:: Data under study ::
=-=-=

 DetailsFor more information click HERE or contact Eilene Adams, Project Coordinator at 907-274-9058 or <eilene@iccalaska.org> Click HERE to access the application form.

=-=-=

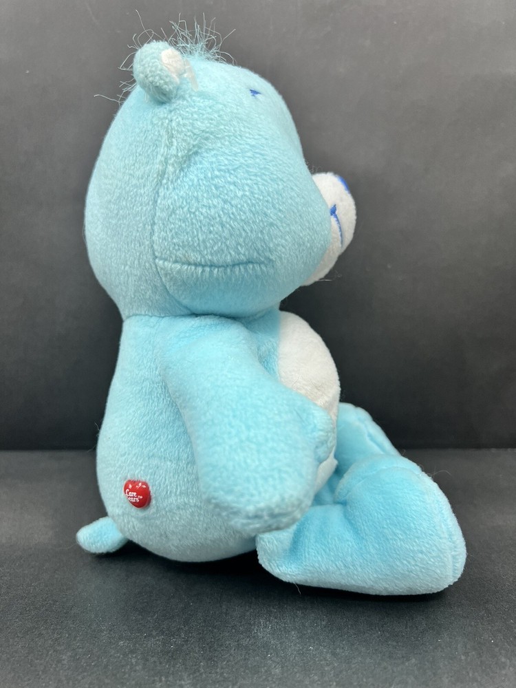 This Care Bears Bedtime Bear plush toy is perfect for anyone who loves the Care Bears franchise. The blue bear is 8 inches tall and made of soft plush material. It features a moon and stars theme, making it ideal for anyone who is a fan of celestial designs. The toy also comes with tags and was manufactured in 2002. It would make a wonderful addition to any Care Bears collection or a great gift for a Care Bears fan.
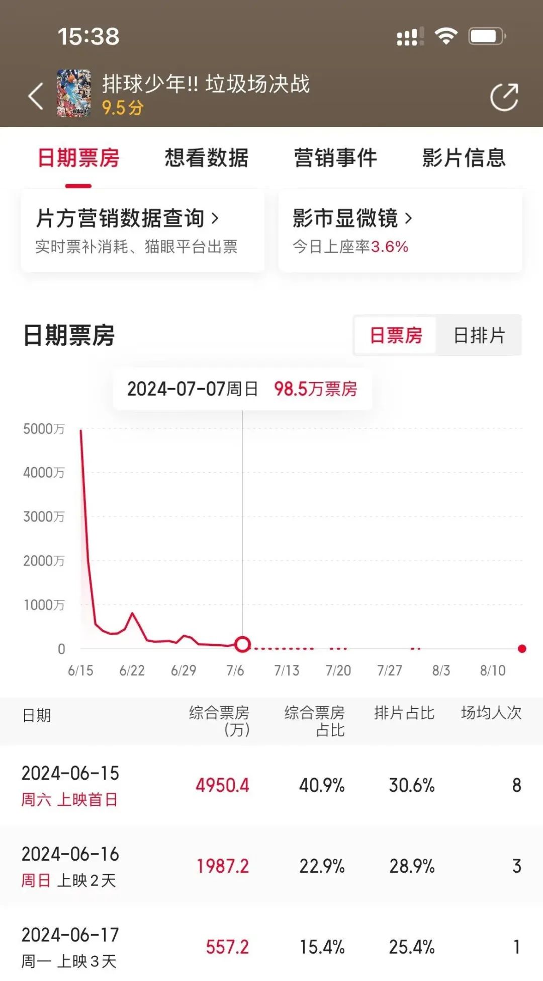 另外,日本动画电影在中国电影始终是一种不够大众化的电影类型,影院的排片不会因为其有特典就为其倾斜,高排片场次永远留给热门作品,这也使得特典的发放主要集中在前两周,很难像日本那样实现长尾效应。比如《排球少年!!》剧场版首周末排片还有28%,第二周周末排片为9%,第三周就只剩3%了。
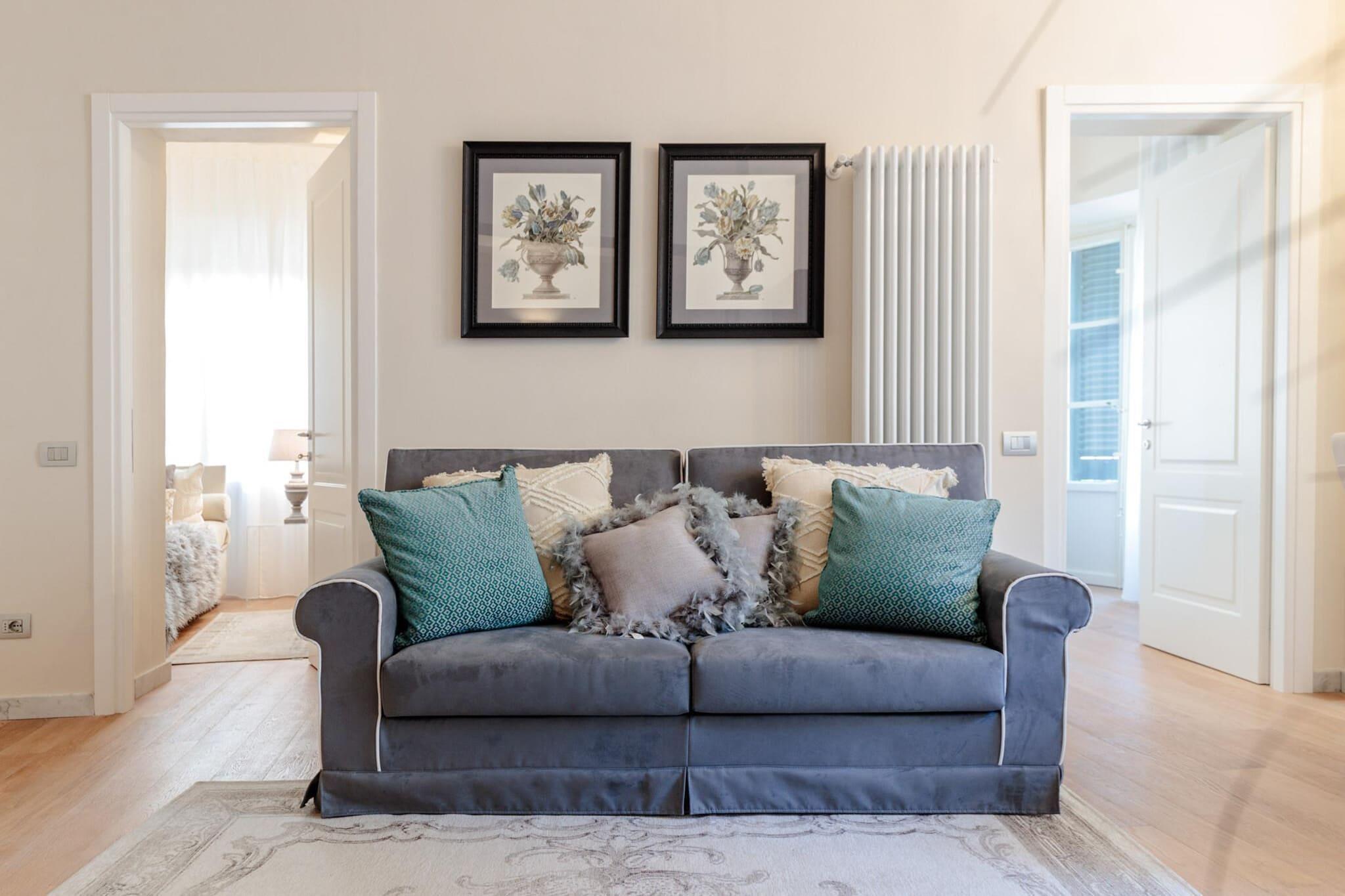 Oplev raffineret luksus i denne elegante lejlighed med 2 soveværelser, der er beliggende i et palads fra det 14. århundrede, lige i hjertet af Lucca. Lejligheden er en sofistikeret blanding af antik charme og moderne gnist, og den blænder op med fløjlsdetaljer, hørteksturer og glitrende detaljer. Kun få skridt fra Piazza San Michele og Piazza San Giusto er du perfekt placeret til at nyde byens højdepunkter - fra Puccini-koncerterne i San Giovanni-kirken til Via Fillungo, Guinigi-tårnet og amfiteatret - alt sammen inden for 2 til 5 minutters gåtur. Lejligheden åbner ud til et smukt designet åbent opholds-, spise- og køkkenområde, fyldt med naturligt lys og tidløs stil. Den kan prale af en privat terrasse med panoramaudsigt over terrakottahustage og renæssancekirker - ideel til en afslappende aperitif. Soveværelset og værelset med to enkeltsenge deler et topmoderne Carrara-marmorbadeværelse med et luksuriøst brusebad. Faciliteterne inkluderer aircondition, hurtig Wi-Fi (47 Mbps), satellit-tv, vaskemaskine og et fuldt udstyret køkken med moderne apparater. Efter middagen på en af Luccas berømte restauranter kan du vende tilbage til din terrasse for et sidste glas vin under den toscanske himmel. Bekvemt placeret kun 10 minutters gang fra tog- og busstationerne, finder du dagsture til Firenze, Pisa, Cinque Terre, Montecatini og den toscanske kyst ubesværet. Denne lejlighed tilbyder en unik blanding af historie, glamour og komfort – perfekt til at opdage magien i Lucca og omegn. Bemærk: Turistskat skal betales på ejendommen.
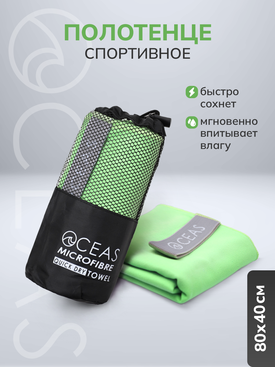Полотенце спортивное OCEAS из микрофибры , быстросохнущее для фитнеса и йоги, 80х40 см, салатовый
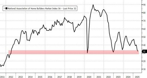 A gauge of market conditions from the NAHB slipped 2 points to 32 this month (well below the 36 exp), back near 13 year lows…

=-=-=

:: Aim of the task ::
Reproduce, word for word, everything in the listing above from the line containing "另外,日本动画电影在中国电影" down to the line containing "A gauge of market", both of them included. No pictures.

:: Result of this task ::
 另外,日本动画电影在中国电影始终是一种不够大众化的电影类型,影院的排片不会因为其有特典就为其倾斜,高排片场次永远留给热门作品,这也使得特典的发放主要集中在前两周,很难像日本那样实现长尾效应。比如《排球少年!!》剧场版首周末排片还有28%,第二周周末排片为9%,第三周就只剩3%了。
 Oplev raffineret luksus i denne elegante lejlighed med 2 soveværelser, der er beliggende i et palads fra det 14. århundrede, lige i hjertet af Lucca. Lejligheden er en sofistikeret blanding af antik charme og moderne gnist, og den blænder op med fløjlsdetaljer, hørteksturer og glitrende detaljer. Kun få skridt fra Piazza San Michele og Piazza San Giusto er du perfekt placeret til at nyde byens højdepunkter - fra Puccini-koncerterne i San Giovanni-kirken til Via Fillungo, Guinigi-tårnet og amfiteatret - alt sammen inden for 2 til 5 minutters gåtur. Lejligheden åbner ud til et smukt designet åbent opholds-, spise- og køkkenområde, fyldt med naturligt lys og tidløs stil. Den kan prale af en privat terrasse med panoramaudsigt over terrakottahustage og renæssancekirker - ideel til en afslappende aperitif. Soveværelset og værelset med to enkeltsenge deler et topmoderne Carrara-marmorbadeværelse med et luksuriøst brusebad. Faciliteterne inkluderer aircondition, hurtig Wi-Fi (47 Mbps), satellit-tv, vaskemaskine og et fuldt udstyret køkken med moderne apparater. Efter middagen på en af Luccas berømte restauranter kan du vende tilbage til din terrasse for et sidste glas vin under den toscanske himmel. Bekvemt placeret kun 10 minutters gang fra tog- og busstationerne, finder du dagsture til Firenze, Pisa, Cinque Terre, Montecatini og den toscanske kyst ubesværet. Denne lejlighed tilbyder en unik blanding af historie, glamour og komfort – perfekt til at opdage magien i Lucca og omegn. Bemærk: Turistskat skal betales på ejendommen.
Полотенце спортивное OCEAS из микрофибры , быстросохнущее для фитнеса и йоги, 80х40 см, салатовый
 A gauge of market conditions from the NAHB slipped 2 points to 32 this month (well below the 36 exp), back near 13 year lows…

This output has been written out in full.